In 1328 the site was described as containing a ‘stone castle, hall with kitchen, thatch covered hall, bake-house, vault in a newly built garden, grange [barn or farm], cow byre, stable, turret, ditch, garden gate, haggard gate, dovecot [and] mills’. This is the first recorded listing of the existence of mills on the site which is now occupied by Manor Mills Shopping Centre. A bridge over the Lyreen connected the castle complex with the mills area.

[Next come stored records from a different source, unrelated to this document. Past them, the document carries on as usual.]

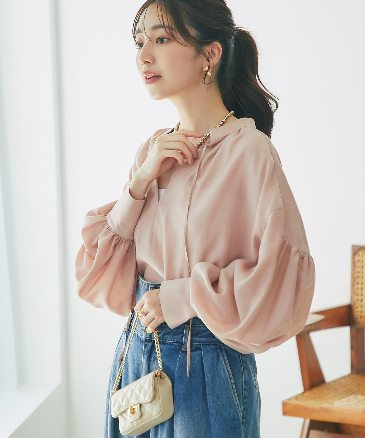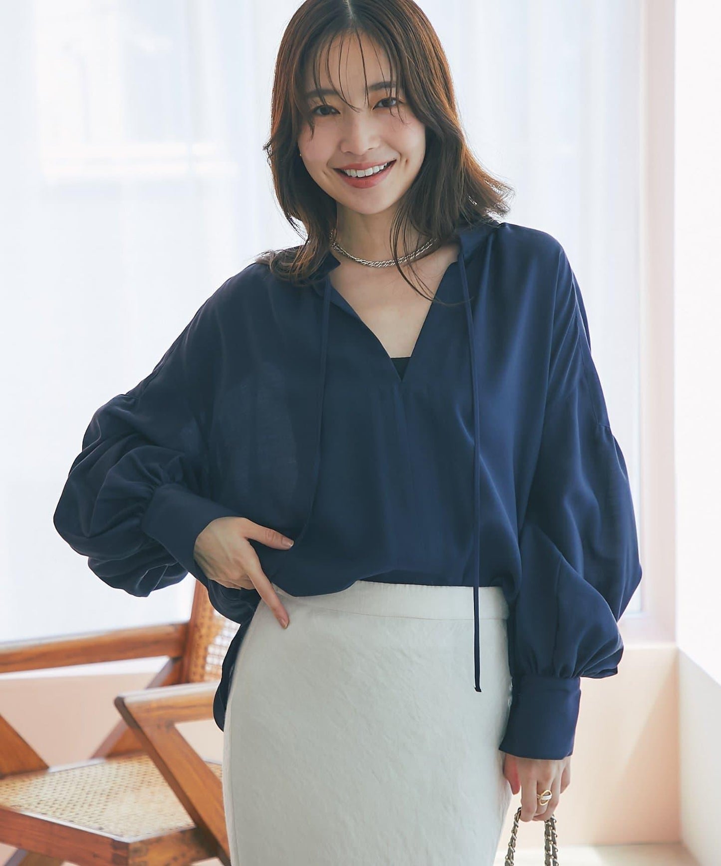 建議將緞帶垂下,穿出寬鬆感。
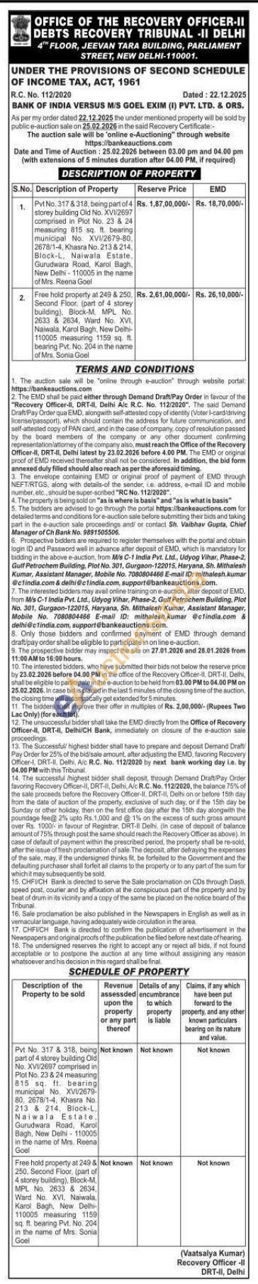 Free hold property at 249 & 250, Second Floor, (part of 4 storey building), Block-M, MPL No. 2633 & 2634, Ward No XVI, Naiwala, Karol Bagh, New Delhi-110005 measuring 1159 sq. ft. bearing Pvt. No. 204 in the name of Mrs. Sonia Goel
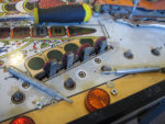 Photo 3 shows the filth around the pop bumper – one of the reasons to fully remove the pop.  Photo 4 shows an upper lane in a Getaway, photo 5 is the upper playfield in a Whitewater, and photo 6 looks to be a Hurricane.  All three of these games are from the 1990’s and have a hard Diamond Plate finish on the playfield.  These can usually be cleaned up by using naphtha, or isopropyl alcohol and a microfiber cloth.  Novus 2 could be carefully used in moderation.
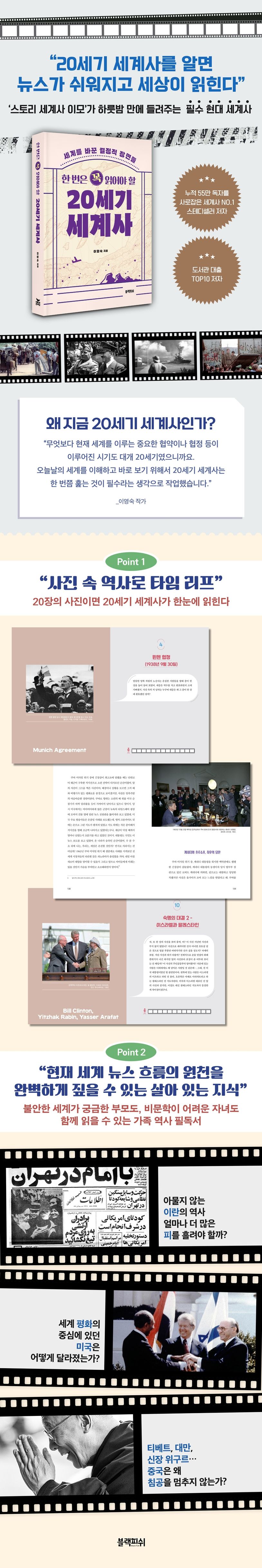 20세기 세계사 속 중요한 사건을 포착한 사진 한 장을 통해 역사를 재미있게 읽고, 복잡한 세계정세의 맥락까지 시원하게 잡는 책이다. 역사 분야 스테디셀러 《식탁 위의 세계사》, 《옷장 속의 세계사》 등 친근한 소재와 세계사를 연결한 참신한 콘셉트의 책으로 청소년뿐 아니라 학부모, 교사, 일반에까지 폭넓은 사랑을 받고 있는 이영숙 작가의 반가운 신작이다.
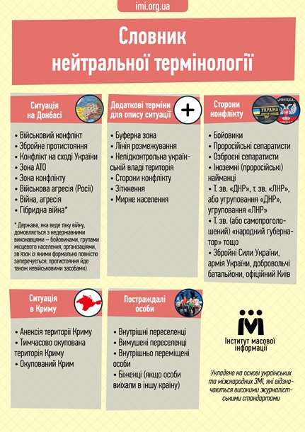 Украинский Институт массовой информации опубликовал "Словарь нейтральной терминологии", которым могут пользоваться журналисты при освещении событий в Донбассе.

An old tradition asserts that the back wall of the manorial mill was the front wall of the castle mill. The castle was captured in a siege in 1535. Lord Deputies lived there afterwards and the earl of Kildare returned in the 1550s. Having being renovated and enlarged by Richard Boyle, 1st earl of Cork, father-in-law to George the 16th earl of Kildare, the castle was damaged again in the wars of the 1640s. It appears that the earl left soon afterwards and the castle fell into ruins. The family did not return to Maynooth again for c.100 years.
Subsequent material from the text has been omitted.